If you're looking for some solid, smart reading to kick off the new year, heads up. Renown scholar/author Vijay Prashad's Uncle Swami: South Asians in America Today is now available in paperback from The New Press. Yes, you need not carry around that burdensome hardcover tome to get your knowledge on.
In his groundbreaking classic The Karma of Brown Folk, Prashad evaluated the American stereotype of South Asians as a "model minority." In Uncle Swami, Prashad follows up and expands upon this analysis to explore South Asian American history and identity in the wake of shifting cultural attitudes wrought by 9/11.

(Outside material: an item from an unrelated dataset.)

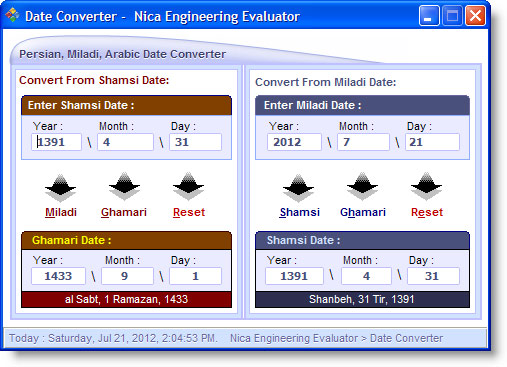 • Date Converter ابزار تبدیل تاریخهای میلادی، قمری و شمسی به یکدیگر
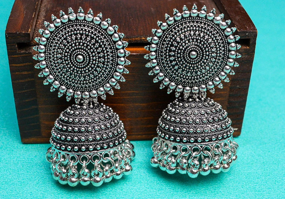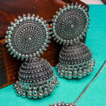 Enhance your ethnic look with these beautifully handcrafted oxidized silver jhumka earrings, paired with a matching maang tikka. Designed with intricate detailing and delicate ghungroo beads, these earrings reflect timeless elegance. The bold circular stud complements the exquisite dome-shaped jhumkas, adding a regal touch to your ensemble. Perfect for weddings, festive occasions, and cultural events, this jewelry set is a must-have for every jewelry lover.

Uncle Swami traces the distinct strands of South Asian migration in America through generations and class divisions, from the first organizations of immigrant communities to the rising influence of the India Lobby in Washington to post-9/11 assaults against people mistaken as terrorists.
Within hours of the attacks on the World Trade Center, misdirected assaults on Sikhs and other South Asians flared in communities across the nation, serving as harbingers of a more suspicious, less discerning, and increasingly fearful worldview that would drastically change ideas of belonging and acceptance in America.It's an insightful, thoughtful book, written with Prashad's trademark wit and passion. For further information about the book, visit The New Press website. You can also follow Vijay Prashad on Twitter.
Weaving together distinct strands of recent South Asian immigration to the United States, Uncle Swami creates a richly textured discussion of a diverse and dynamic people whose identities are all too often lumped together, glossed over, or simply misunderstood. Continuing the conversation sparked by his celebrated work The Karma of Brown Folk, Prashad confronts the experience of migration across an expanse of generations and class divisions, from the birth of political activism among second-generation immigrants and the meteoric rise of South Asian American politicians in Republican circles to migrant workers, who are at the mercy of the vicissitudes of the American free market.
A powerful new indictment of cultural and racial politics in America at the dawn of the twenty-first century, Uncle Swami restores a diasporic community to its full-fledged complexity, beyond both model minorities and the specters of terrorism.